• _Work item_: Among the lines below, the one containing "母亲节团建干花相框手工diy木质中空立体双面透明亚克力摆台批发" opens the range and the one containing "Набор для крепких" closes it. Print that range exactly, without the pictures.

• _Provided records_:
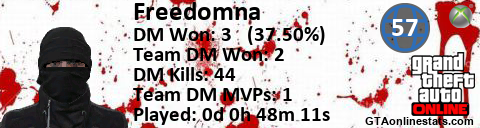 <a href="http://GTAonlinestats.com/showplayer/Freedomna"><img src="http://GTAonlinestats.com/dmsignature/Freedomna/sig.png" alt="Freedomna" border="0" /></a>
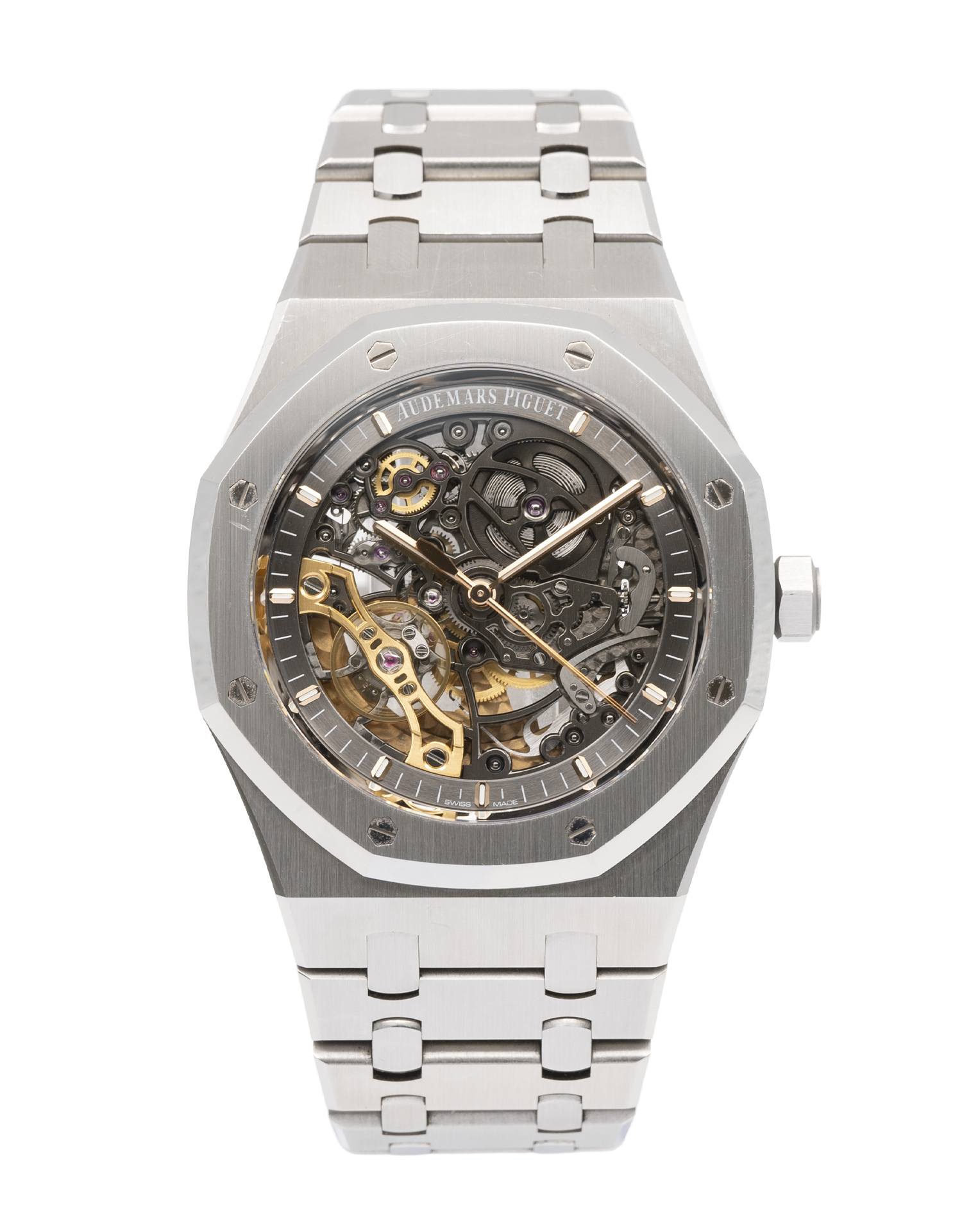 This Audemars Piguet Royal Oak 15407ST.OO.1220ST.01 has a skeleton dial and a bracelet strap. This Audemars Piguet has undergone a thorough inspection of accuracy, functionality and condition at our Audemars Piguet certified service centre to determine the level of reconditioning required to meet our strict standards. It has also been checked against our records to ensure authenticity. All our watches have a 24-month warranty for your peace of mind.
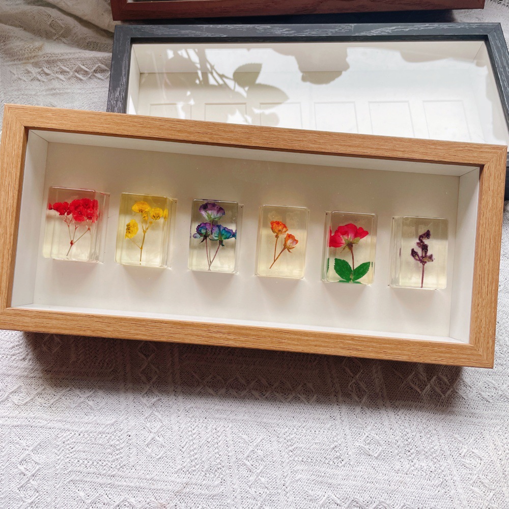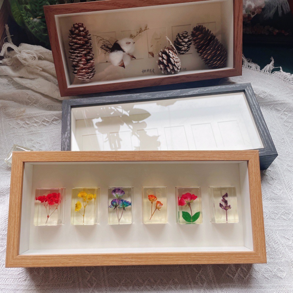 母亲节团建干花相框手工diy木质中空立体双面透明亚克力摆台批发
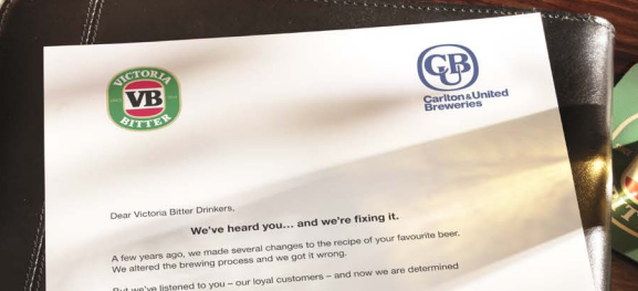 The ads take the form of an apology letter from the CEO of CUB, Ari Mervis, which begins: “A few years ago, we made several changes to the recipe of your favourite beer. We altered the brewing process and we got it wrong.”
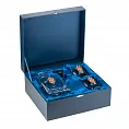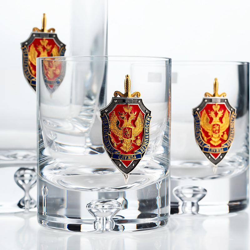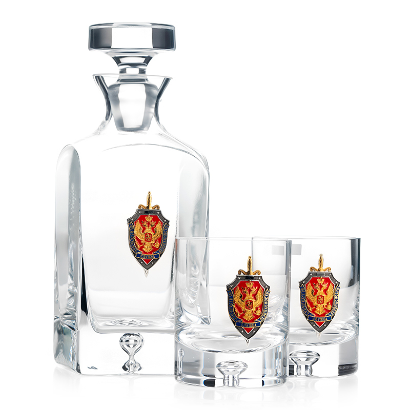 Набор для крепких напитков состоит из графина и 2 стаканов. Сосуды изготовлены из премиального стекла, и украшены серебром c эмалями. Сет упакован в подарочный футляр и транспортную коробку.
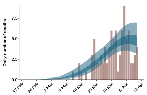 Οι καφέ μπάρες αναλογούν σε επιβεβαιωμένες περιπτώσεις λοίμωξης, οι μπλε ζώνες είναι οι εκτιμώμενες λοιμώξεις, με σκούρο μπλε 50% αξιόπιστο διάστημα και με ανοικτό μπλε 95% αξιόπιστο διάστημα. Ο αριθμός των ημερήσιων λοιμώξεων υποχωρεί αμέσως μετά από μια παρέμβαση που έχει γίνει από την Κυβέρνηση και εκτιμάται πως όλοι οι φορείς του ιού γίνονται αμέσως λιγότερο μολυσματικοί.
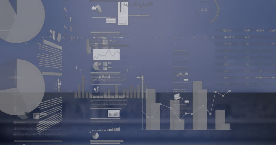 Animation features various digital data elements such as charts, graphs, and interface icons overlaying a landscape. Ideal for use in technology, financial, and data-driven presentations. It can also serve as a visual backdrop for innovation-themed marketing materials or educational content on data analytics.
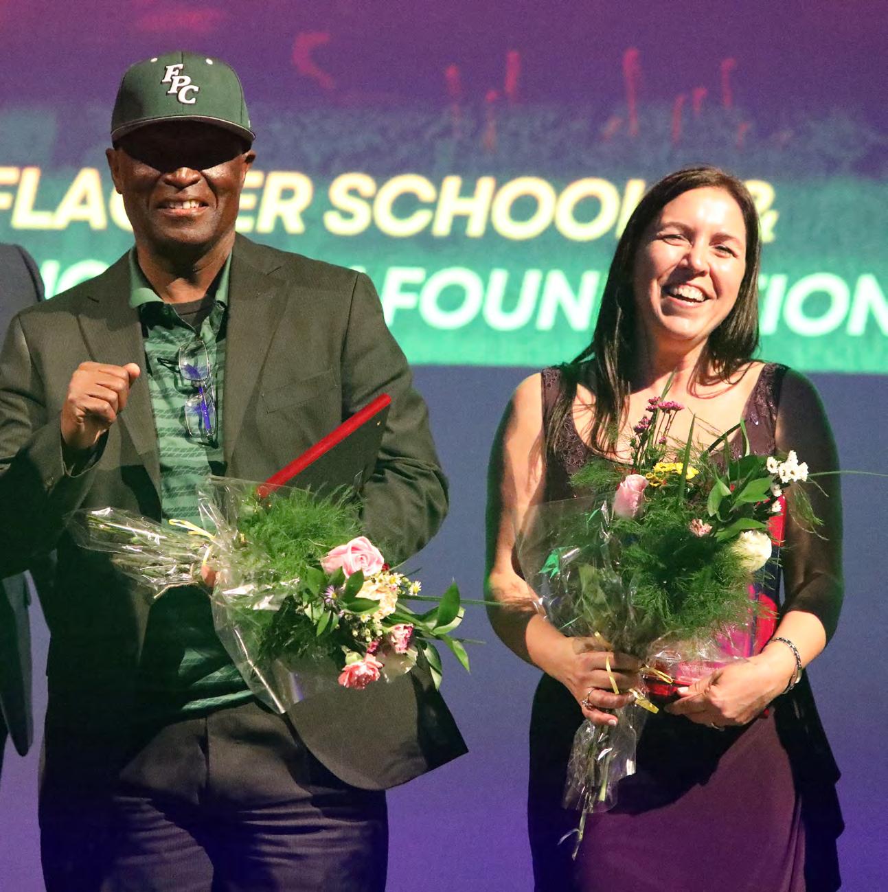 Flagler Schools Employee of the Year Calvin Grant, from Flagler Palm Coast High School, and Teacher of the Year Michelle Moore, from Belle Terre Elementary School. Photo by Brent Woronoff
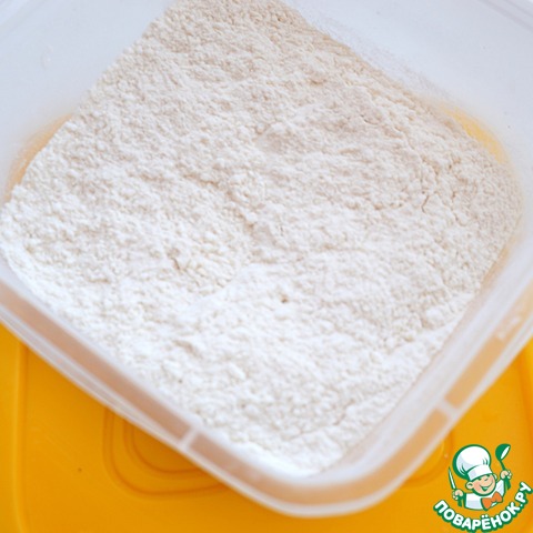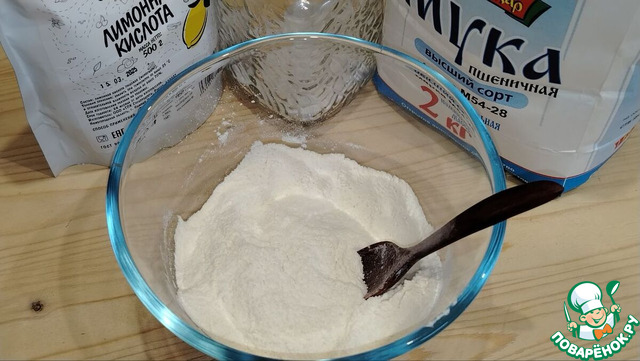 Для разрыхлителя взять лимонную кислоту, соду, муку - все тщательно смешать.
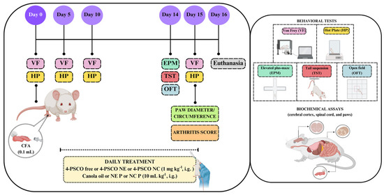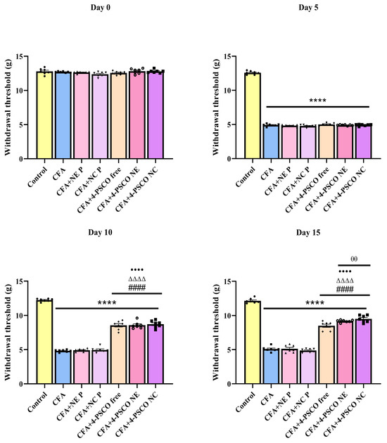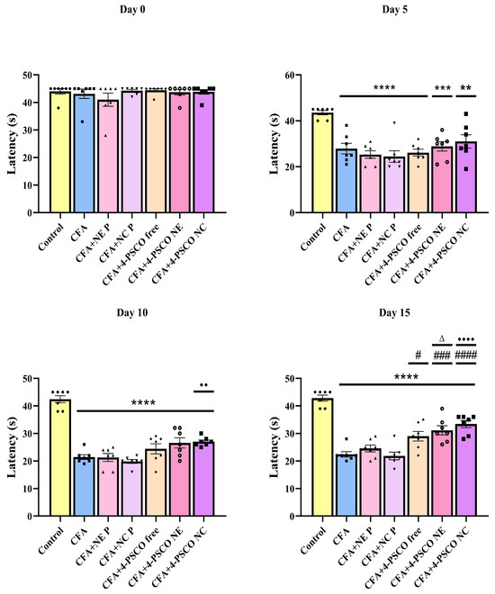 2.4. Administration of 4-PSCO in Free or Nanoencapsulated Form Attenuates the Mechanical and Thermal Nociception Induced by CFA in Mice

• _Response_:
 母亲节团建干花相框手工diy木质中空立体双面透明亚克力摆台批发
 The ads take the form of an apology letter from the CEO of CUB, Ari Mervis, which begins: “A few years ago, we made several changes to the recipe of your favourite beer. We altered the brewing process and we got it wrong.”
 Набор для крепких напитков состоит из графина и 2 стаканов. Сосуды изготовлены из премиального стекла, и украшены серебром c эмалями. Сет упакован в подарочный футляр и транспортную коробку.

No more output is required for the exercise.